Permafrost, permanently frozen ground which underlies much of the Arctic and sub-Arctic, is influenced by deciduous shrubs, yet our understanding of permafrost-shrub interactions is limited. This is largely due to a lack of widespread, long-term, high-quality observations across Arctic and sub-Arctic systems, which are difficult to study due to their remote locations. Shrubs are rapidly expanding in many areas of Arctic tundra and can either amplify or inhibit permafrost thaw [1,2], making it crucial that we can understand and predict permafrost-shrub interactions. As we have limited time and resources to make observations, we must design our field campaigns to be as impactful as possible. Below we outline the current state of knowledge and give suggestions about how we can maximize our fieldwork’s impact.

From field studies conducted around the Arctic, we know that shrubs generally have a cooling effect on permafrost in the summer, largely caused by the shrub canopy shading the soil. However, summertime cooling can be counteracted by a warming effect in winter, caused by the trapping of blowing snow by shrubs, which leads to increased snow depths [3]. In addition to these commonly observed effects, both observations and models [4] show that other local factors such as climate, soil, snow, and disturbances can interact to cause contrasting dominant effects on permafrost temperatures. For example, shrubs that protrude through the snowpack have been observed to cool permafrost in winter via thermal bridging between the air above the snow and the soil below [5]. However, at other research sites, protruding shrubs lower the surface albedo and cause earlier snowmelt in spring, amplifying permafrost thaw by exposing the soil to thawing earlier [2]. Protruding shrubs have also been observed to induce snow melt in autumn, creating ice layers at the snow surface that prevent further snow accumulation and eliminate the ability of shrubs to trap blowing snow, thereby reducing the winter warming effect [6]. While we understand the physical processes that lead to these effects, we cannot explain why we observe different effects between sites.

By synthesizing literature of past field studies, researchers have been able to qualitatively compare the dominant effects shrubs can have on permafrost conditions, generating diagrams that illustrate the interactions between shrubs, permafrost and other environmental components [3,7]. As we continue to discover dominant effects between shrubs and permafrost, we should design our field measurements not only with the intent to describe how shrubs and permafrost interact, but also with the goal that our measurements generate knowledge that can be used to quantify and predict how shrubs are influencing permafrost, using shrub properties and other local factors we have found to be important.

First, we should collect our data in as standardized a way as possible, while ensuring we collect data about all the variables we know can influence permafrost.
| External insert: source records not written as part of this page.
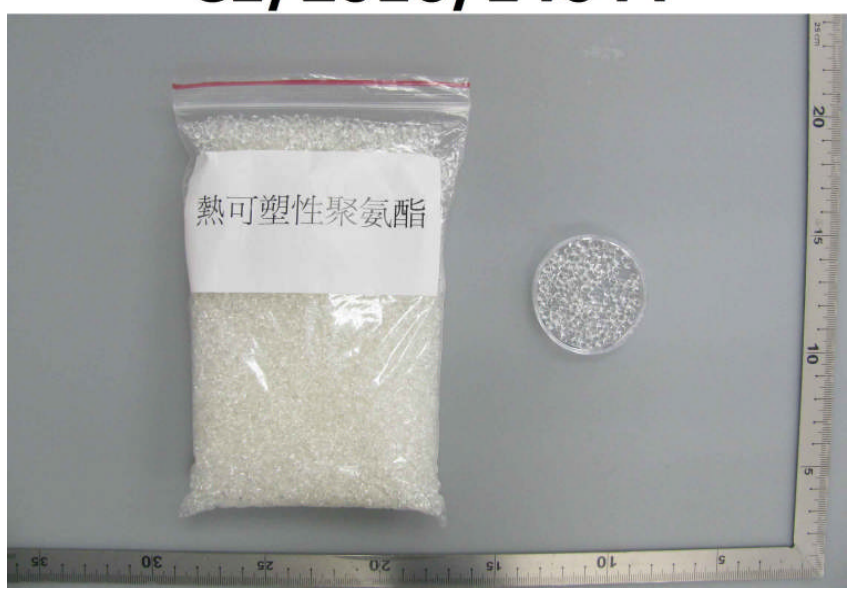
** 報告結尾 (End of Report) **

This document is issued by the Company subject to its General Conditions of Service printed overleaf, available on request or accessible at <a href="http://www.sgs.com/en/Terms-and-Conditions.aspx">http://www.sgs.com/en/Terms-and-Conditions.aspx</a> and, for electronic format documents, subject to Terms and Conditions for Electronic Documents at <a href="http://www.sgs.com/en/Terms-and-Conditions/Terms-e-Document.aspx">http://www.sgs.com/en/Terms-and-Conditions/Terms-e-Document.aspx</a>. Attention of advant to the limitation of liability, indemnification and jurisdiction issues defined therein. Any holder of this document is advised that information contained hereon reflects the Company's findings at the time of its intervention only and within the limits of client's instruction, if any. The Company's sole responsibility is to its Client and this document document only and within the limits of client's instruction, if any. The Company's sole responsibility is to its Client and this document document on the company and the report of the company. Any unauthorized alteration, forgery or falsification of the content or appearance of this document is unlawful and offenders may be prosecuted to the fullest extent of the law. Unless otherwise stated the results shown in this test report refer only to the sample(s) tested.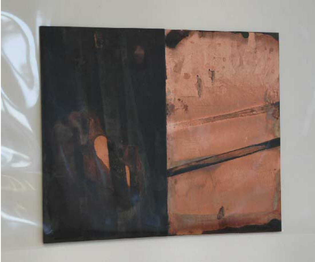
Stained Copper Study #5, 2008 copper on board in vinyl sheet 6 x 7 1/2 inches CD070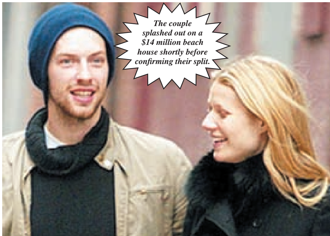
The couple splashed out on a $14 million beach house shortly before confirming their split.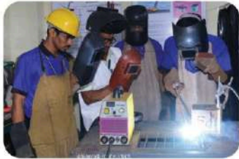
Pipe Fitter - Oil & Gas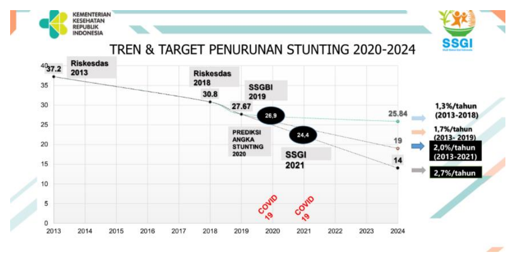
Figure 1. Stunting eradication targets (Ministry of Health, 2021)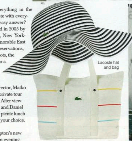
Lacoste hat and bag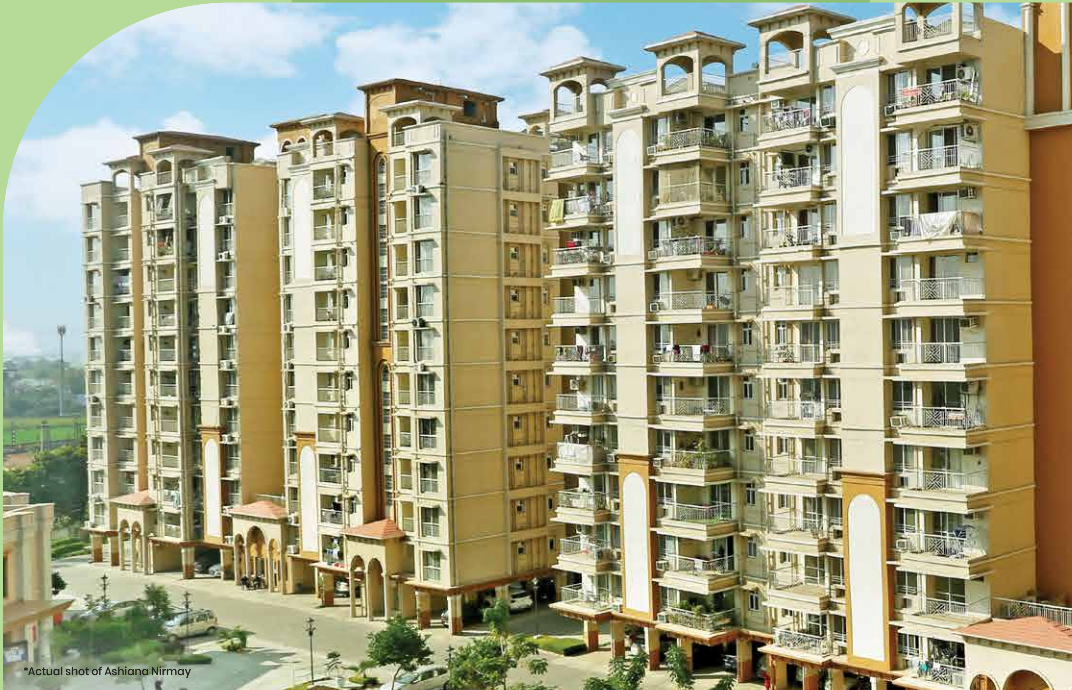
*Actual shot of Ashiana Nirmai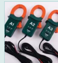
Model PQ34-12 1200A Current Clamp Probes with 2" (50mm) jaw opening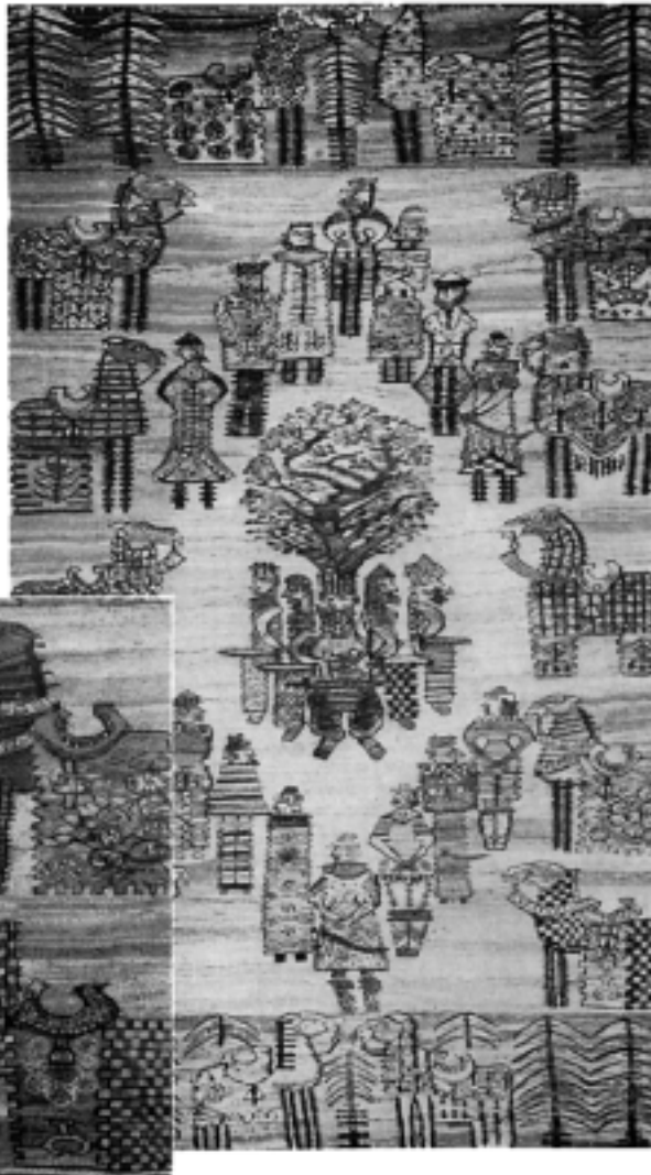
"The Council of Chieftains," wall tapestry by the Galkowskis, wool on linen warp. Below—detail from tapestry.

The creativeness of the artist does not depend of course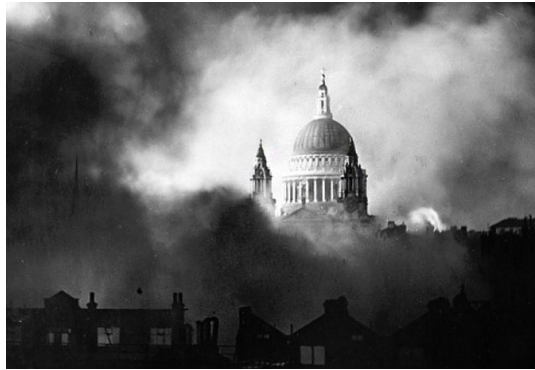
Fig. 15. St Paul’s Cathedral during the 1940 blitz

and the Cathedral was severely damaged, ‘the image of the dome with its cross held high above the tumultuous smoke and the glare of flame was seared into Londoners’ imagination: the image of survival’ 72 . The 1940 photograph of Wren’s magnificent dome towering over destruction became an iconic representation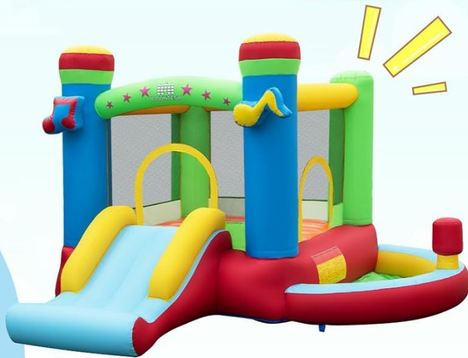
1 x Inflatable Bounce House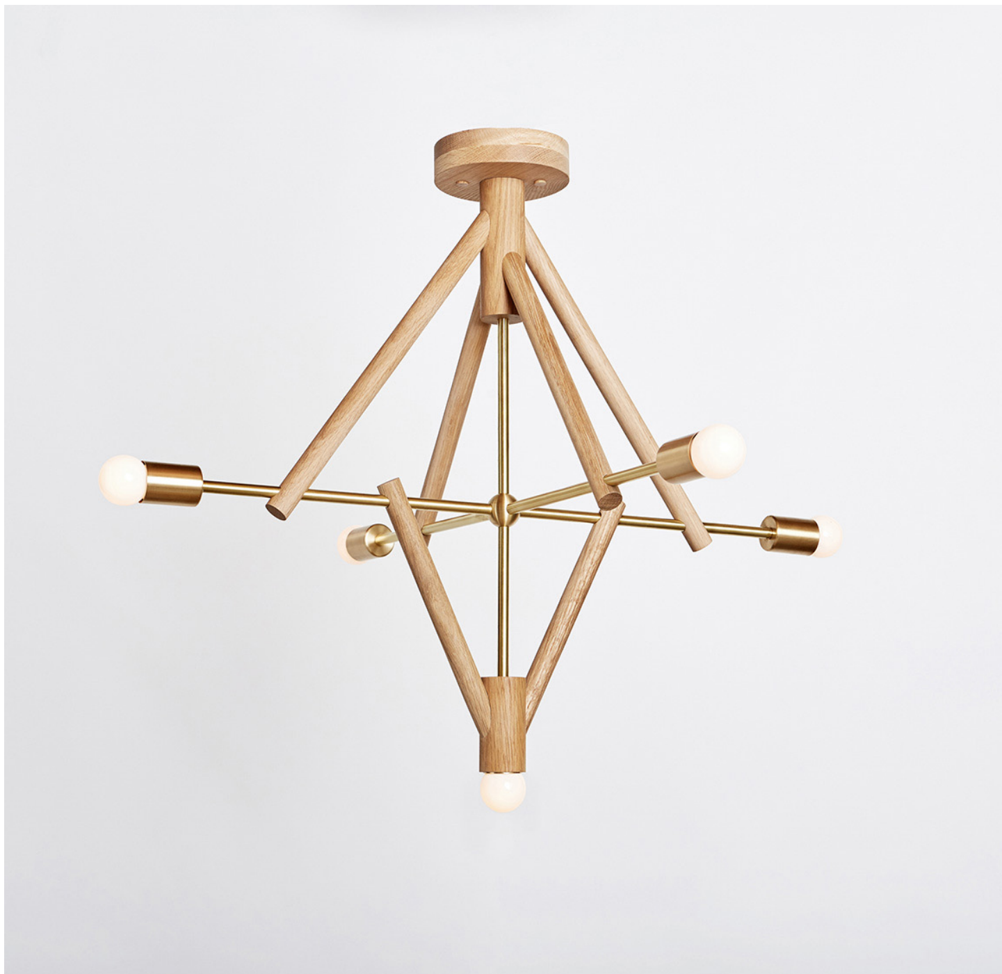
LODGE CHANDELIER V natural oak

A protocol for monitoring permafrost thaw created by Boike et al. [8] is accessible for non-experts while also providing an opportunity to contribute data to an open archive. We also need to integrate ecological and geophysical investigations (which are often completed independently) so we can link the physical properties of shrubs (e.g. leaf area index, stem density, spatial variability) to their influence on permafrost. While we have observed many different ways that shrubs can influence permafrost, we know little about how changes to the properties of shrubs alter their effect on permafrost. The integrated approach described above will not only help us to better quantify shrub-permafrost interactions via more powerful statistical analyses, but will also help those seeking to understand the dynamics of shrub expansion, which is affected by abiotic variables linked to permafrost (e.g. soil temperature, soil moisture).

We can also increase the impact of our fieldwork by coordinating with those who are developing models, so we may collect our data in a way that aids them; field data that are necessary for using or developing models may not be useful or apparent to collect for field-based studies. Currently, earth system models (ESMs) operating at the global scale only offer one type of shrub-tundra, with only one exception [9]. We must represent shrub-permafrost interactions within ESMs, given the large number of different shrub-affected processes that can combine to either amplify or hinder permafrost thaw, and given that permafrost thaw and shrub expansion can lead to feedback loops which sustain one another. Beyond ESMs, there are other techniques for combining models, field data and remote sensing data to estimate how shrubs affect permafrost conditions at much higher resolutions than are possible with ESMs (e.g. n-factors, [10]). When we link shrub properties to their effects on permafrost, we are also challenged with ensuring these properties can be estimated at a pan-Arctic scale. It is therefore necessary we are able to measure shrub properties relevant for permafrost thaw using scaling methods, such as remote sensing tools.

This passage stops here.